What is CTF?
CTF is a simple way of dramatically reducing input costs (time, fuel & machinery) - and at the same time increasing crop yields - both of which are done sustainably and both of which increase farm profit.
Sounds too good to be true? It's not; some farmers in Australia have cut their machinery costs by as much as 75% while their crop yields have risen. Similarly in the UK, the Colworth project and the Harper Adams long-term traffic and tillage experiment are showing that CTF is resulting in healthier looking crops and soils.
CTF is a whole farm approach to the separation of crops and wheels; it is a system that avoids the extensive soil damage and costs imposed by normal methods. Controlled traffic is not rocket science – it simply involves confining all field vehicles to the least possible area of permanent traffic lanes.

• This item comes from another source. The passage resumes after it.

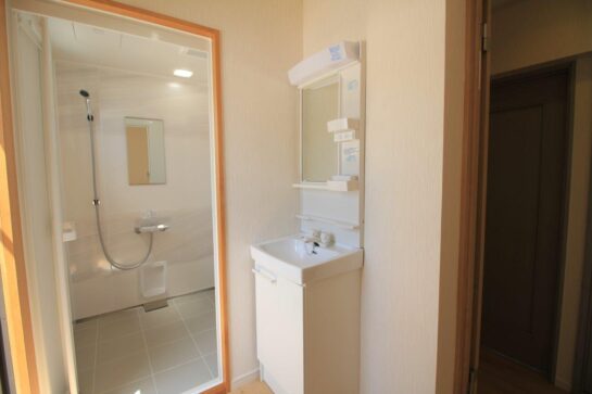 小さい方のベランダに、浴室(タカラスタンダード ぴったりサイズシャワーユニット)と脱衣所を増築しました(洗面化粧台:LIXIL オフト)

Within any controlled traffic system, appropriate agronomy and management are used to maximise the potential of both the cropped and wheeled for their specific purposes. In practise it means the repeated use of the same wheel tracks for every operation, and although it is ideal for all machines to have the same wheel track gauge (the distance between the left and right wheel centres) and for all implements to have a particular span (base module) or whole number multiple of it, this is not essential.
Percentage area wheeled can be reduced to 25 - 40% even with two different track and implement widths. The illustration below shows an example CTF system set up with a range of operations within a grains production system.
Illustration of a CTF system with a track width of 3 m, a base module width of 9 m and a 27 m multiple for input applications.